* _DATA EXCERPT_
- - -
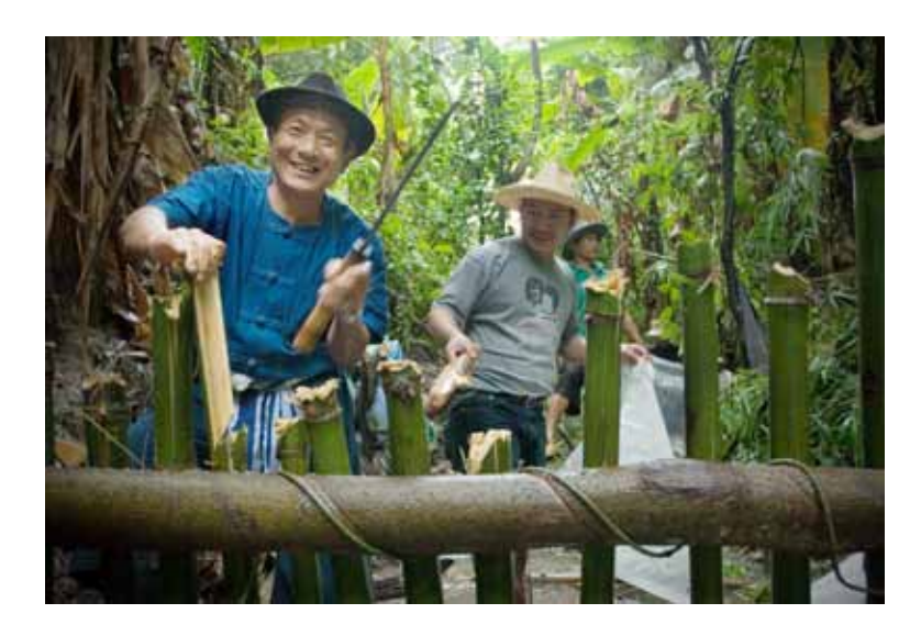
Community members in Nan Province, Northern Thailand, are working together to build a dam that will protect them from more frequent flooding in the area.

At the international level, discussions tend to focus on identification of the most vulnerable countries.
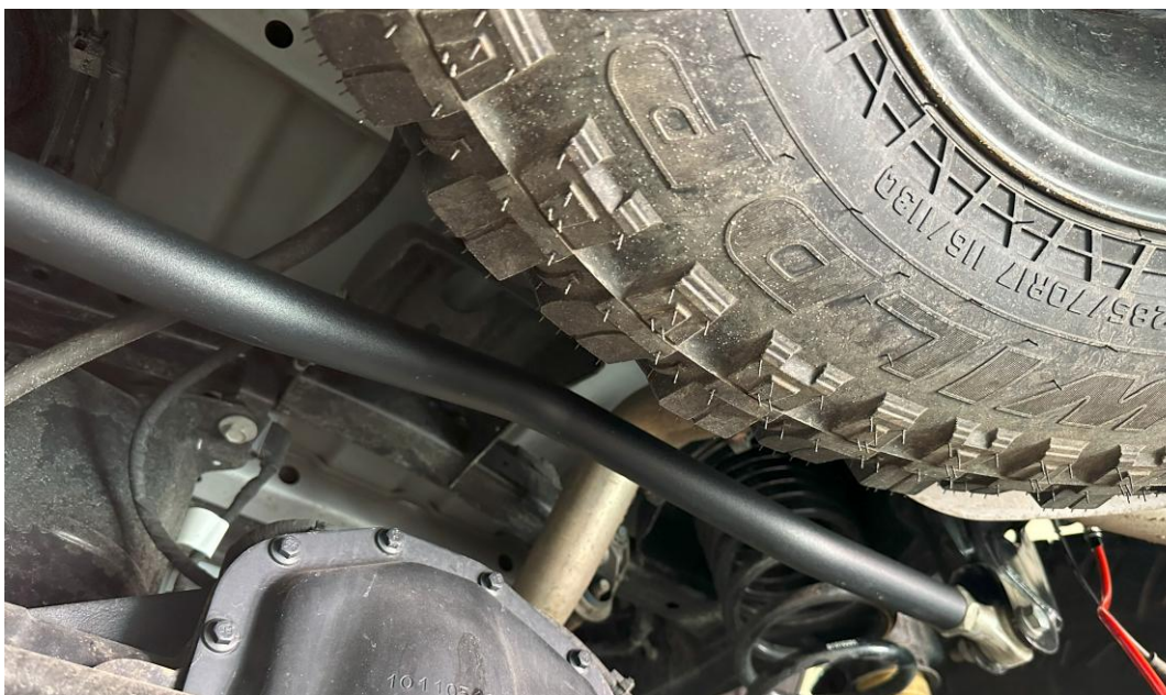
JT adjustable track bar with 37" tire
- - -
* _THE TASK_
Exactly and only the lines from the one holding "At the international" through the final line of the material must be returned, both ends included, without any pictures.

* _REPLY TO THE EXERCISE_
At the international level, discussions tend to focus on identification of the most vulnerable countries.
JT adjustable track bar with 37" tire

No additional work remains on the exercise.